I want to promote self-love, but also be completely honest and say, I don’t always love the way my clothes fit and I would like to do something about it.
I want for you, what I am always too busy to make happen for myself. I want to inspire self-care, not from a book I’ve read, but from what I’ve found actually works for me.
I want to make my health nut nutrition friends understand that posting a picture of salmon and broccoli on Facebook and multiple articles about the horrific chemicals in our food gets old after a while. I want to explain to my dear holistic health coach friends that emotional eating IS a thing and it’s not something to “just get over” for the sake of living a dairy-free, corn-free, gluten-free life.

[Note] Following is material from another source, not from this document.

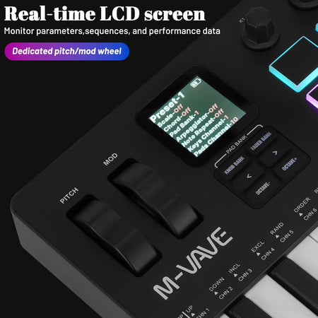 Het ontwerp is gebruiksvriendelijk en duurzaam, met een 1,54-inch display, achtergrondverlichte siliconen knoppen en fysieke modulatie-/pitchwielen voor snelle expressieve controle. Gemaakt van stevig ABS-materiaal en aangedreven door een oplaadbare 2000 mAh batterij, is dit draagbare keyboard klaar om je van studio tot podium te vergezellen.

I want to do so many things, yet I don’t know where to start. I have grand ideas every day and then I forget them because I get distracted. I have the brain of an old woman and an attention span of a child. I have a body that has been through the ringer and desperately needs me to care for it, yet still stands strong underneath me when I binge on foods that inflame and torture it.
I really desire a rich, healthy, fantastic life in Hawaii, where I energetically teach kids how to dance, write daily, swim often, paddleboard more, and occasionally enjoy a Law & Order: SVU marathon while eating mushroom pizza.

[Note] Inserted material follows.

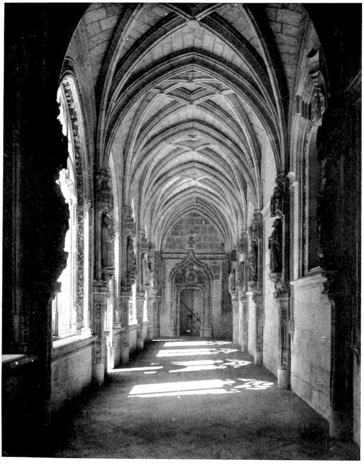 Such was the “plateresque” or “silversmith” method of elaborate decoration, seen at its best at Avila in the beautiful Renaissance tomb of Prince John, which though ornate is yet refined and pure, at its most florid in the façade of the Convent of San Pablo at Valladolid. Under its blighting spell the strong simplicity of an earlier age withered; and Gothic and Renaissance styles alike were to perish through the false standard of merit applied to them by a decadent school.
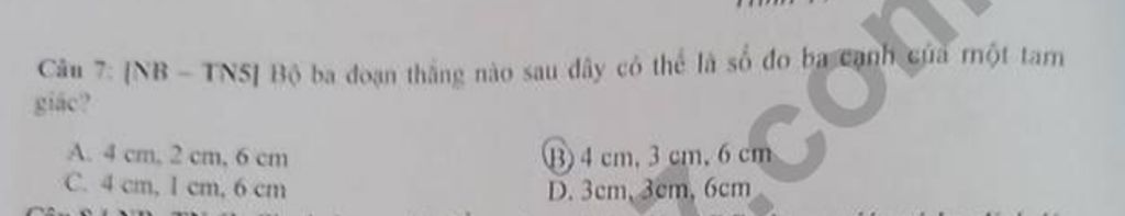`B. {(4+3>6),(4+6>3),(3+6>4):}->` Chọn

And the reality is, if I just calm the fuck down and stop comparing myself to The Militant Baker and everyone else’s highlight reel on Facebook, I could live my desires fully, with an open heart and an open mind.
I have no problem sharing all of that with you. As long as it’s okay that I curse, and I don’t use enough punctuation, and I jump around on my topics. And you know what? I don’t want your money. I just want to write.

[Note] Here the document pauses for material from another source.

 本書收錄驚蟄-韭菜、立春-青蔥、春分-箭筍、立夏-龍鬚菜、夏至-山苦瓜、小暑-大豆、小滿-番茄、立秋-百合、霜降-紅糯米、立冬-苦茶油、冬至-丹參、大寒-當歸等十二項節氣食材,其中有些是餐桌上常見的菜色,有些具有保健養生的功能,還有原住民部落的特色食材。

I want to let you know that my journey is unique to me, and it might be totally different than yours, and sometimes none of what I write about may help you, but I still appreciate you visiting this amandatrustysays.com domain that I am still trying to accept.
So, thank you for your amazing support. Thank you to the one person to actually submitted a picture for Roar 3.0, and I’m sorry if I never take the hours to make that project happen because I’m trying to keep my stress-induced excema at bay. Thank you for spreading Roar, and loving me even if you don’t know me at all.
Thank you in advance for enjoying the blog posts that are to come that pertain to you. If you don’t perform, or have never been scrutinized by just headshot and resume for a Broadway dance call, then you might not relate to every post. If you don’t have disordered eating or a food addiction, then you might not relate to every post. But I beg of you, if you have a boyfriend or a girlfriend that could relate to one of those posts, spread the wealth and pay it forward to them. That’s why I started writing in the first place. Because I needed someone out there to pay this knowledge forward to me. And when there was no such thing to be shared with me, I just sucked it up and created it myself.
I believe in the power of Roar. I do. I believe in the aloha spirit. I believe in the power of hot coffee, neck pillows, dark chocolate, and child artwork. I think these things can change the world just as much as recycling, GMO-banning, and those ASPCA commercials that make me bawl.
But I also believe in self-care, and enjoying life, and learning something new every day, and maybe not always altering my life, or my writing, or even my wardrobe choices, to what the world needs at every moment. Sometimes, as my excema has taught me, it’s okay to make a choice that only benefits me, and me alone. In the end, I think my happiness is way more effective in any world peace movement than my depression, and so I don’t feel guilty about this.
Thank you for listening to my stream of conciousness. Thank you for joining me in Hawaii next January for the first “Restore Your Roar” workshop. (What? Did I just slip that secret out by accident?) Thank you for sharing your happiness with the world. Thank you for taking care of yourself. Thank you for inspiring me. And welcome, to the new, real, true, amandatrustysays.com. (Oh God, I will just never get over how that sounds.).